Tapi Boipelo Emem itu beda (lagi-lagi). Ha-ha-ha. Iya, iya, aku tahu, namanya lucu bagi telinga kebanyakan orang Indonesia. Walau aneh bin lucu, nama temanku yang hobi memanjangkan rambut itu punya makna yang luar biasa. Keduanya dari bahasa salah satu rumpun di Afrika. Boipelo itu artinya kebanggaan. Sementara Emem itu mungkin tepatnya berarti orang-orang yang cinta damai. 

Mungkin karena pengaruh nama, nyatanya kusaksikan sendiri Boipelo tumbuh sebagai seseorang yang sesuai dengan arti namanya. Beda dengan kebanyakan orang kulit hitam yang kukenal, ia sama sekali tak tersinggung jika ada yang berkata, "Black", entah itu sengaja maupun tak sengaja. Malah alih-alih marah, ia lebih memilih untuk mengumbar sebuah senyuman. Tulus sekali senyumannya itu. 

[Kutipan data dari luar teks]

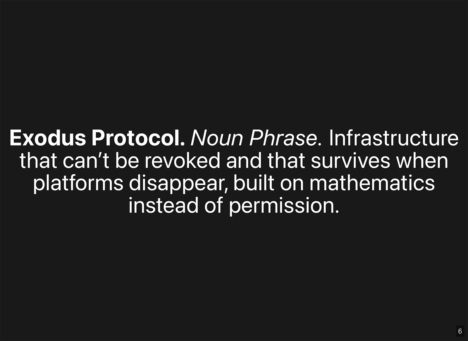 - Exodus Protocols. Sometimes infrastructure just disappears. Exodus Protocols, with a foundation in five concrete design patterns, are built to ensure this can never happen. Also see our recent Musings of a Trust Architect on the topic.

Boipelo--atau aku dan lainnya lebih suka memanggilnya Boy--tak pernah suka memaksa orang. Saat aku dan teman-teman lainnya suka memaksa Alfred untuk datang ke sebuah bar, Boipelo yang melarang. Katanya, "Sudahlah, biarkan saja. Buat apa kalian memaksanya kalau dia memang tidak seperti kita yang hobi bersenang-senang sampai pagi menjelang? Biarkan kita saja yang menikmati hidup. Sementara dia, ah mungkin dia lebih suka terus belajar hingga Grim Reaper datang menjemput."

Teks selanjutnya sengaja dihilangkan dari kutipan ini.